[Given data]:
————————
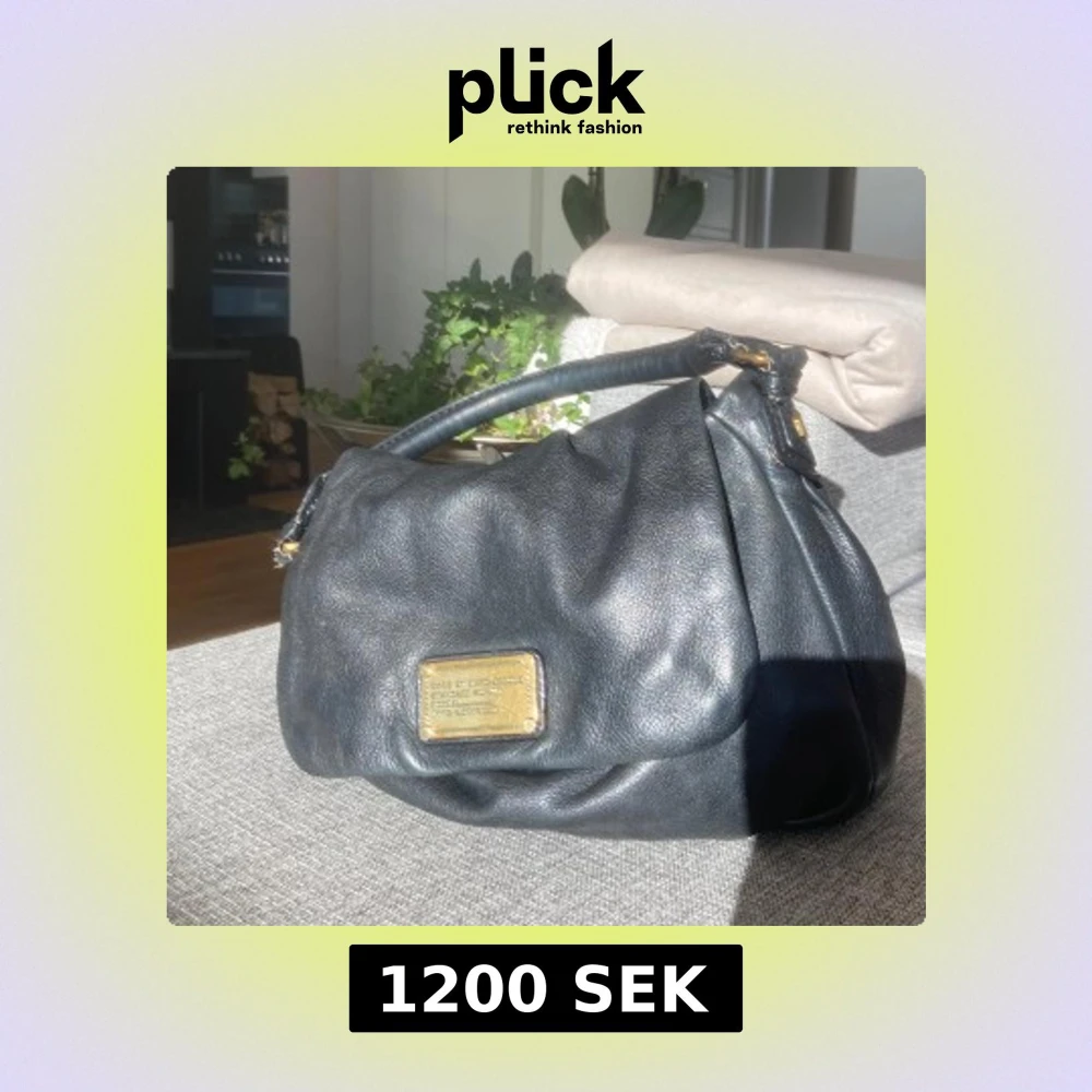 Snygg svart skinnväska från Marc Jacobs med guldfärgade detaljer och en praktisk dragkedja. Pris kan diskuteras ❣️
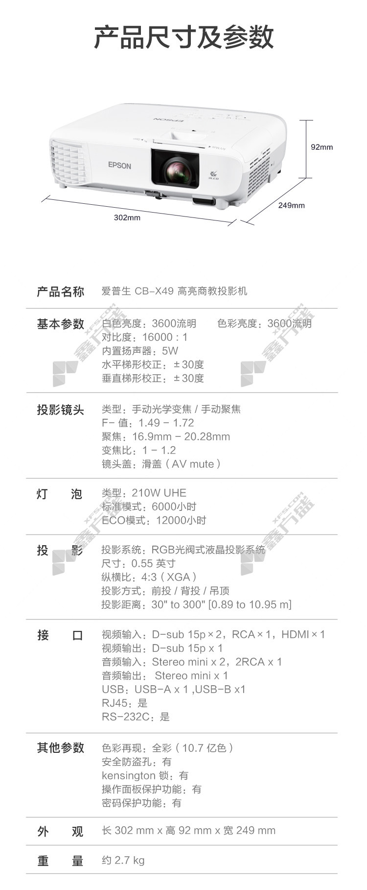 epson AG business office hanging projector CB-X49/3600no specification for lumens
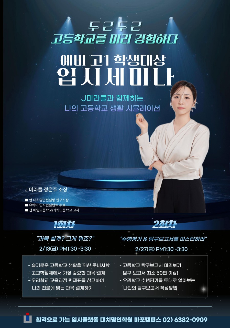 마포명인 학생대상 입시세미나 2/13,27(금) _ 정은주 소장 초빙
————————
Output all the material verbatim, skipping every image.

[Solution for this problem]:
 Snygg svart skinnväska från Marc Jacobs med guldfärgade detaljer och en praktisk dragkedja. Pris kan diskuteras ❣️
 epson AG business office hanging projector CB-X49/3600no specification for lumens
 마포명인 학생대상 입시세미나 2/13,27(금) _ 정은주 소장 초빙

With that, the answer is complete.